Some thoughts on the second quarter financial report of station B in 2022

1. News reported that Bilibili had drastic layoffs in May, but the R&D + administrative expenses in a single quarter increased by more than 600 million year-on-year. How to understand? I saw that there is news that the compensation for layoffs is included. If 1,000 people are laid off, the compensation is 200,000 yuan per person, and the compensation is 200 million yuan. If 2,000 people are laid off, the compensation is 400 million (according to the average salary of several companies, the monthly average is 40,000, and the average working time is 3 years, and the total salary compensation is 5 months). In total, it is written in the financial report that sales and marketing expenses are less, but there are more personnel ( financial report: partially offset by the increase in the number of sales and marketing personnel ).

1.1. Station B currently has about 3,000 review and customer service personnel ( I posted a post last year, this data is about 20%-30% of the total number of employees, Kuaisha may be of the same order of magnitude, the difference is whether the personnel are in vivo or outsourced, The cost should not be much different. ) During the same period, iQIYI had 5,000-6,000 employees and Youku had 2,000-3,000 employees. By contrast, the review and customer service staff at Station B were half of iQIYI’s, and about the same as Youku ( Sugarcane is not sweet at both ends, this is the pain of UGC platform…).

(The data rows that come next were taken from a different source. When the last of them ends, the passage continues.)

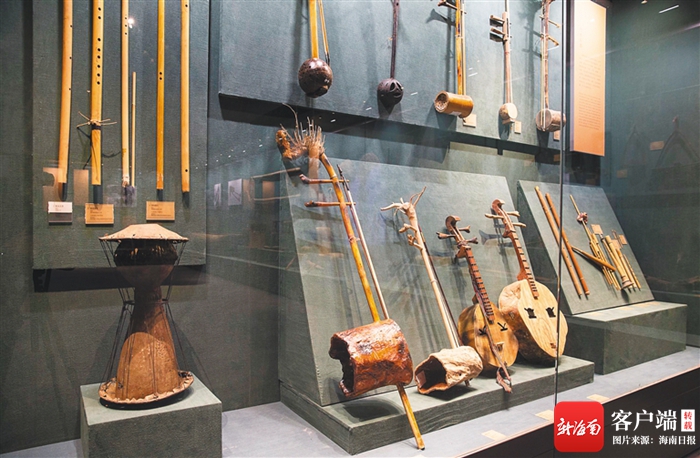 省民族博物館展出的黎族竹木樂器。海南日報記者 宋國強 攝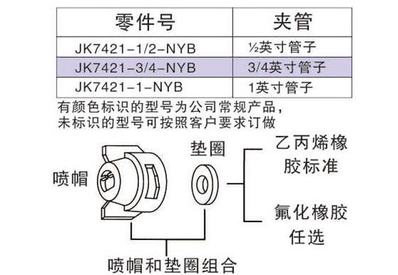 1:墊圈標(biāo)準(zhǔn)材料是乙丙烯橡膠,也可選用氟化橡膠。墊圈在噴射帽內(nèi),并固定在噴頭上面。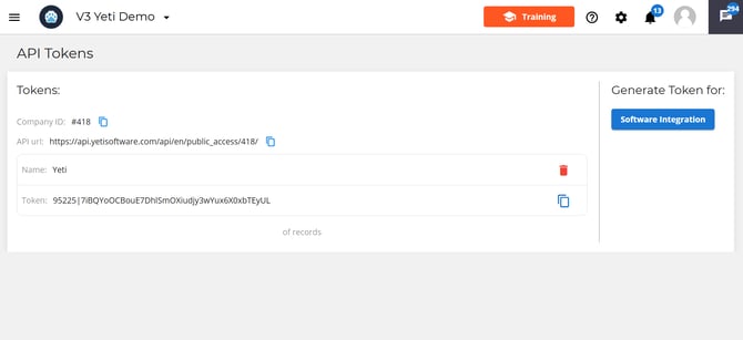 4. By using this "company_token", you have access to YETI's public API. You can get more information by visiting the YETI API documentation: doc.yetisoftware.com

1.2 The number of audits and customer service will also increase as the content increases. The flexibility of this part is not as large as the revenue sharing and advertising revenue that will be mentioned below. Certain submission costs can be achieved through technical and algorithmic means, but it is hard to say to what extent.

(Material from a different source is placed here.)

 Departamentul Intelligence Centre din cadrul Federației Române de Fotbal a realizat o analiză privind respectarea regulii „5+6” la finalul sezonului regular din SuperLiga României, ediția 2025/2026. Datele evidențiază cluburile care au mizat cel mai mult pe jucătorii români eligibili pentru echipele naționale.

2. According to news reports, in March, a large number of UP feedbacks from station B dropped sharply, or even cut in half, but the revenue share in a single quarter increased by 18% year-on-year ( financial report: an increase of 18% compared with the same period in 2021 ). How to understand? Has the structure of the share changed? For example, there are more people and fewer people, and it is the part that has lost a lot of expression on social media.


2.1 The revenue share + content cost of Bilibili in the second quarter was 2.85 billion, while the content cost of iQiyi was 3.9 billion in the same period. It can be roughly understood that the overall content-related cost of Bilibili reached 73% of iQiyi, which was unexpected. ( Note: An old brother in the comment area provided a brokerage research report data, 2.1 and 2.3 were revised to use the proportion of this data to calculate the relevant data for the second quarter of 2022, so that there is no “B station content related costs more than love The conclusion of “Fantastic Art” )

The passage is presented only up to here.